Tuesday, January 29, 2008

The Story of Artemisia


For those who are interested in natural medicines, tropical Africa can be a fascinating place. For one, the most horrific diseases prey on impoverished and immune-deficient people. For another, the abundant array of plants yields healing substances for many. This morning old friends of the Enright family (former missionaries from Switzerland) passed through on their return from Congo and held a lesson in raising Artemisia. Gathered around on the verandah were a university professor, shop manager, minister, German missionaries involved in an AIDS project, a variety of Kafakumba employees and the presenters, Rolland and Monica Baumann.

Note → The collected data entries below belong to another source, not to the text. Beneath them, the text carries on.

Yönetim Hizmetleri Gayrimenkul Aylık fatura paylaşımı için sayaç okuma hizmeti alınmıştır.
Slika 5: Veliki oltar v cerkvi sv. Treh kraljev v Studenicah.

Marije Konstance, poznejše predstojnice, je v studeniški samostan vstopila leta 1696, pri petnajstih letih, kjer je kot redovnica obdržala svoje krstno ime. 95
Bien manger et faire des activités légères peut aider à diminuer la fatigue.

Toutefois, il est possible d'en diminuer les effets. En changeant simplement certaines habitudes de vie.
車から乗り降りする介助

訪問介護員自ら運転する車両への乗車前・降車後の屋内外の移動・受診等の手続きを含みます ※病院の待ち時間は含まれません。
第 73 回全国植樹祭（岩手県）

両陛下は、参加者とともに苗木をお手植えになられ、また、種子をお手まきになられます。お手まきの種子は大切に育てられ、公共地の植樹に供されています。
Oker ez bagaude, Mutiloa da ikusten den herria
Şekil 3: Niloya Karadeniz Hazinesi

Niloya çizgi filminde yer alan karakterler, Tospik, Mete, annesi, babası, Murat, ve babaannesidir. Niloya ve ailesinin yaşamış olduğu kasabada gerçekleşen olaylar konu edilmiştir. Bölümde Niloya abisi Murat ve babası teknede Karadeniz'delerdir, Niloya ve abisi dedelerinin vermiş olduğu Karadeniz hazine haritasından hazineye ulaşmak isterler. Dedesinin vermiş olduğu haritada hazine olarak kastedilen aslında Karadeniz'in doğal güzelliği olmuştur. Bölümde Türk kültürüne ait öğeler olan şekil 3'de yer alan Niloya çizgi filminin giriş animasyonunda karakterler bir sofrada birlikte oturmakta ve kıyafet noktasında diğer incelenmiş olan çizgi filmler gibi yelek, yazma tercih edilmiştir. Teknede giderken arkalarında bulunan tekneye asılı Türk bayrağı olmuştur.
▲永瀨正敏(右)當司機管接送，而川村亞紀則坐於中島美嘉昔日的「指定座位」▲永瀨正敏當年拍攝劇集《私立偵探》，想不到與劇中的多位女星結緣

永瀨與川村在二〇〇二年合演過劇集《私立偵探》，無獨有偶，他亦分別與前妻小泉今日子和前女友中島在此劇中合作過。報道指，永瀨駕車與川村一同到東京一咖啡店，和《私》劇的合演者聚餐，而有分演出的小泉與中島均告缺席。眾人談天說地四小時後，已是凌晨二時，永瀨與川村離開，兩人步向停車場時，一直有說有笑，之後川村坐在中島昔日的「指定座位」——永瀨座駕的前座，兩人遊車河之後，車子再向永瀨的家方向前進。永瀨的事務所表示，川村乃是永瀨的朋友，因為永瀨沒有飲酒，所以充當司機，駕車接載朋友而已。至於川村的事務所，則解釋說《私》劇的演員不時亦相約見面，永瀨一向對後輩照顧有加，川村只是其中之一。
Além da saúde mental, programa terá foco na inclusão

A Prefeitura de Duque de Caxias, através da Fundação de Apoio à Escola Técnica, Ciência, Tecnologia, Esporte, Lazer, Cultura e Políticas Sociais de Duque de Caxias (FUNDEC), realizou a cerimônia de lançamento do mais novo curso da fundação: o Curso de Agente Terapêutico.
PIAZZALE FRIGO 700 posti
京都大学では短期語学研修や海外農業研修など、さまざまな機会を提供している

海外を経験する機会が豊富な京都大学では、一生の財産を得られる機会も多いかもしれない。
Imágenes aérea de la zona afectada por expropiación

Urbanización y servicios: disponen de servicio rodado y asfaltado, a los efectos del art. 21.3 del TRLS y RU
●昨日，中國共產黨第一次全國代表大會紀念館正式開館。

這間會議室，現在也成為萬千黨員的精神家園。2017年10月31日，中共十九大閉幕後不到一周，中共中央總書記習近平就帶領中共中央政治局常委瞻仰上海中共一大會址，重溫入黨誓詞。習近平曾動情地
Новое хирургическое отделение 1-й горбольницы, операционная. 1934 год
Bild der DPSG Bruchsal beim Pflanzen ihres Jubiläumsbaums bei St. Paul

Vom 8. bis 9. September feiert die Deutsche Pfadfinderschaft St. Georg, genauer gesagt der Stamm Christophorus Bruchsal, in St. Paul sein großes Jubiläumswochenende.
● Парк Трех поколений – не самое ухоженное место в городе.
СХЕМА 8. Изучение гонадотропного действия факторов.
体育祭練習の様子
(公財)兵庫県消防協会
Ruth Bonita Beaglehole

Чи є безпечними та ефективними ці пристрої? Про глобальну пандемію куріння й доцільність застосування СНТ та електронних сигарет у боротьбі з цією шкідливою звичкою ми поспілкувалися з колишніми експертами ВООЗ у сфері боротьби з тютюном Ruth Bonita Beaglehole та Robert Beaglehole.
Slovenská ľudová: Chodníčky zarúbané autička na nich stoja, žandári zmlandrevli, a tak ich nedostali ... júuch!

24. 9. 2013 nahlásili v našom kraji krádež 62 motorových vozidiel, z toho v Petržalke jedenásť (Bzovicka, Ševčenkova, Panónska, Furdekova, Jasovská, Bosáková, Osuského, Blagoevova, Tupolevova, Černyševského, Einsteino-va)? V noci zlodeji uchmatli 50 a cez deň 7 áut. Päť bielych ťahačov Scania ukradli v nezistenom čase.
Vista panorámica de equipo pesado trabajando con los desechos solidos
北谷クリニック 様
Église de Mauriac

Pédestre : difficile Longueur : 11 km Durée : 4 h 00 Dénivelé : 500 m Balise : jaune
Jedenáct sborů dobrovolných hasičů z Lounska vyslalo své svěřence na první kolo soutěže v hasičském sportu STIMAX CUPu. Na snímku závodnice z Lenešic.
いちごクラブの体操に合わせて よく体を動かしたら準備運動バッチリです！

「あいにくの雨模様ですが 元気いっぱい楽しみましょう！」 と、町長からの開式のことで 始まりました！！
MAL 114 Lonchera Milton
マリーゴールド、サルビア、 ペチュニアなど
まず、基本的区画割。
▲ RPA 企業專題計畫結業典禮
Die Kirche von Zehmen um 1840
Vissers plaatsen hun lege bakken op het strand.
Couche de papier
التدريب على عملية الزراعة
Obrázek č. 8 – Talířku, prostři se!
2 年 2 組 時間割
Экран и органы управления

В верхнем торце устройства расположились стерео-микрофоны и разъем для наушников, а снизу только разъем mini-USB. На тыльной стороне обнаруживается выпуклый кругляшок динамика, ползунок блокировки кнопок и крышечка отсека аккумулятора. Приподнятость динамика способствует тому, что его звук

Artemisia is a plant whose leaves yield high levels of a substance found to be effective in the actual treatment of malaria. Drunk regularly in smaller doses in a tea, it has also been found effective against many other illnesses; its immune-boosting properties also help halt the progress of HIV/AIDS. The Baumann’s carefully explained the painstaking process of growing, harvesting, and propagating the plant, as well as how to process, store and make tea from its crushed leaves. Kendra boiled up some water and we all got to taste a sampling of the green brew. It smelled very green and tasted extremely bitter—after all it is medicine. The Baumann’s drink the tea regularly and no longer need sugar to mask its bitterness.

John instructed some of his workers to begin the process of planting a small amount of Artemisia in tiny peat cups, later to be transferred to a test plot. Loamy peat, plenty of natural fertilizers (chicken manure), a close water supply, and sunshine could make this a successful project. Hopes are that Artemisia could be grown along with Aloe Vera to provide these as food supplements both commercially and locally.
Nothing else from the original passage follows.